Records shown
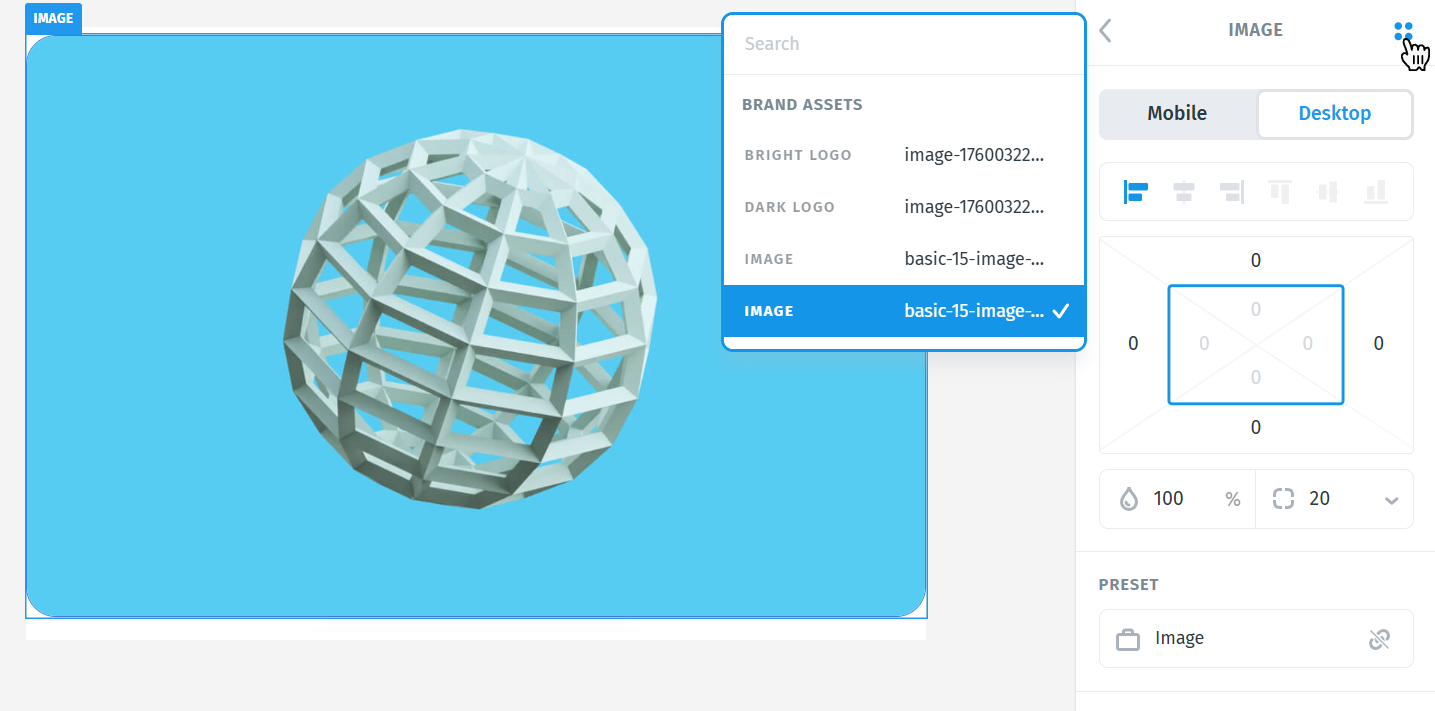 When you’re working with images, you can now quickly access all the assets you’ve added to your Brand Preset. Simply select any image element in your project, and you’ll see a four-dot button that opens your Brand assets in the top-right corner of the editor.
...
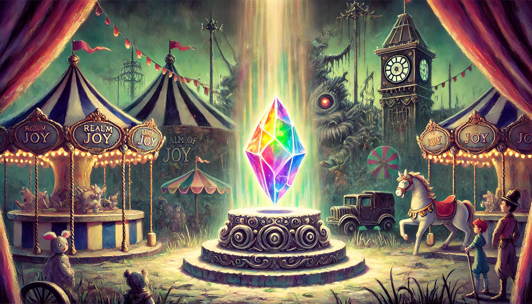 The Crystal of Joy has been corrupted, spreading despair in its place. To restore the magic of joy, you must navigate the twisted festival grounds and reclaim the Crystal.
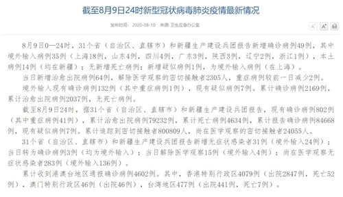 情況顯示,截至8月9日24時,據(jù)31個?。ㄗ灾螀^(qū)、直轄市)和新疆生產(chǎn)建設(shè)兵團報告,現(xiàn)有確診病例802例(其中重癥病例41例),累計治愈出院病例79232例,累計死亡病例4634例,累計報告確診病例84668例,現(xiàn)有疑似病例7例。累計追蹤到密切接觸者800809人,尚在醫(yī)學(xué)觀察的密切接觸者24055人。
...
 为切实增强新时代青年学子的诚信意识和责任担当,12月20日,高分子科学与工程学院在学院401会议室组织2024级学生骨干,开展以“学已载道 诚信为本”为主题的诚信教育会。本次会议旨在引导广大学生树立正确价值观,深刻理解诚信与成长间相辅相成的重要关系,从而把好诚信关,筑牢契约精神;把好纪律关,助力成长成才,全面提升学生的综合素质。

About this task
Please output the lines above beginning at the line with "The Crystal of" and ending after the line with "情況顯示,截至8月9日24時", precisely as written and with no pictures.

Exercise output
 The Crystal of Joy has been corrupted, spreading despair in its place. To restore the magic of joy, you must navigate the twisted festival grounds and reclaim the Crystal.
 情況顯示,截至8月9日24時,據(jù)31個?。ㄗ灾螀^(qū)、直轄市)和新疆生產(chǎn)建設(shè)兵團報告,現(xiàn)有確診病例802例(其中重癥病例41例),累計治愈出院病例79232例,累計死亡病例4634例,累計報告確診病例84668例,現(xiàn)有疑似病例7例。累計追蹤到密切接觸者800809人,尚在醫(yī)學(xué)觀察的密切接觸者24055人。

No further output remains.